Linkblog/2025/03/01
Odin Game Jam, Karl on Wookash, eva hacks todesktop, Font in Manhattan, ShaderGlass, Roadtrip AI, FNA SDL3 GPU, Websites as Archives, Reflections on 25 years, GPT 4.5 $$$, Fish 4.0, Starpath MSDOS, Cafe Maria, Building S3, Gleam from Erlang, Valve uses Godot code, Typst 0.13, Technicolor winding down, Humanity’s Last Exam, effective LLM, Vertex Pulling, LLM codegen workflow.
Karl Zylinski - Odin 7 Day Jam
Upcoming Odin game jam!
Although I’m currently in the midst of a jam, working on this project, I’m planning on taking part in this one as well.
Wookash Podcast - Why Odin and raylib is an irresistible combo with Karl Zylinski!
The ‘Game engineering podcast’ I’ve linked as of recent, as of this video, is now a more general programming podcast, and Karl is on it!

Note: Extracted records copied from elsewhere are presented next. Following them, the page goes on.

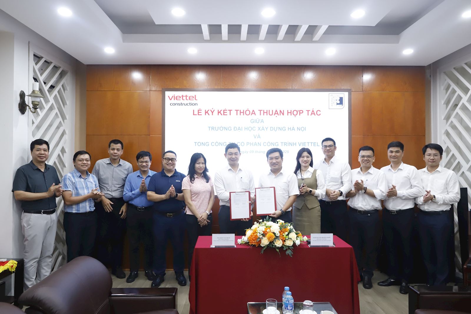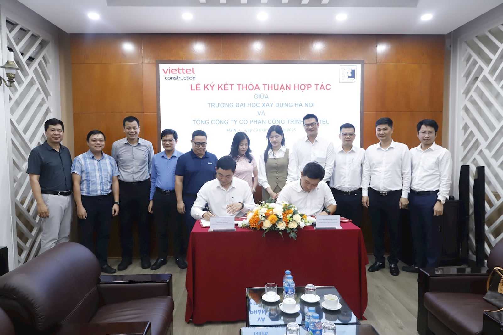 Ngày 09/10/2025, Trường Đại học Xây dựng Hà Nội (ĐHXDHN) và Tổng Công ty Cổ phần Công trình Viettel (Viettel Construction) đã tổ chức ký kết Biên bản Thỏa thuận Hợp tác.
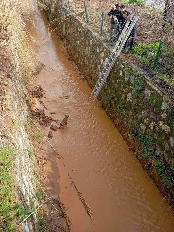Aydın’ın Efeler ilçesinde sulama kanalına düşen köpeği Aydın Büyükşehir Belediyesi İtfaiye Daire Başkanlığı ekipleri kurtardı.
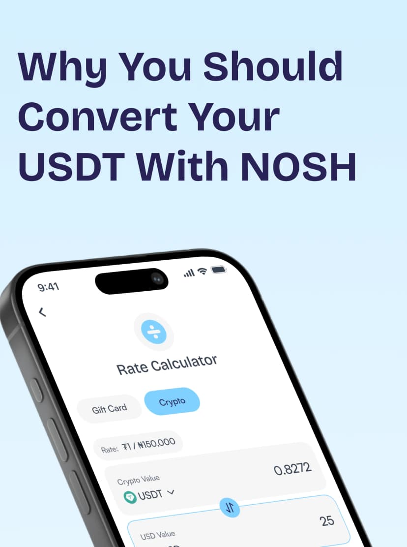 Nosh allows you to convert your BTC, LTC, DOGE, USDT (Tether), Tron (TRX), ETH, BNB, and USDC to Naira or Cedis.
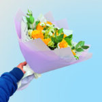 • Ramo floral compuesto por rosas, gypus y astromerias envueltos en papel floral.
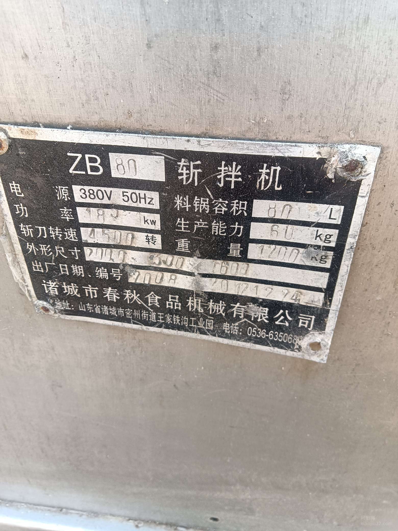闲置2台80斩拌机
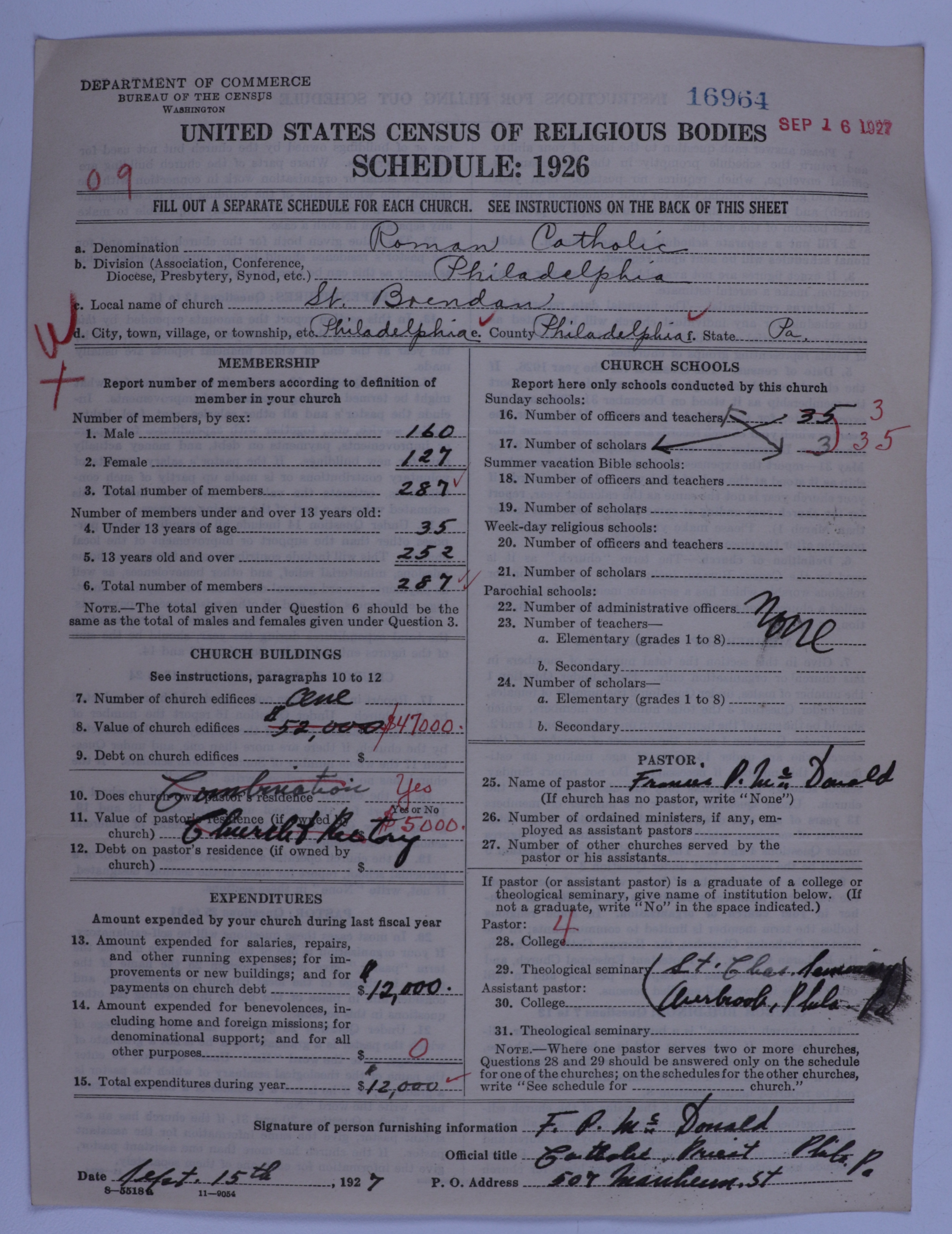 - Roman Catholic Church: 16964

I failed math in highschool because I played too much World of Warcraft
Respect.
…for me, I tried to understand what the code is doing, and every time I have to step into the Unreal Code, I just felt, a terrible dread, just like, you’re in one inheritance level, and there’s like five things above and below you, and we just have to inject somewhere in-between…
The abstractions of large engines are good, but it does seem like if you need to dip your head into them, you can quickly get lost.
Thankfully with Godot its arguably less complex than other engines, and obviously open to check out and even contribute, but still complex nonetheless.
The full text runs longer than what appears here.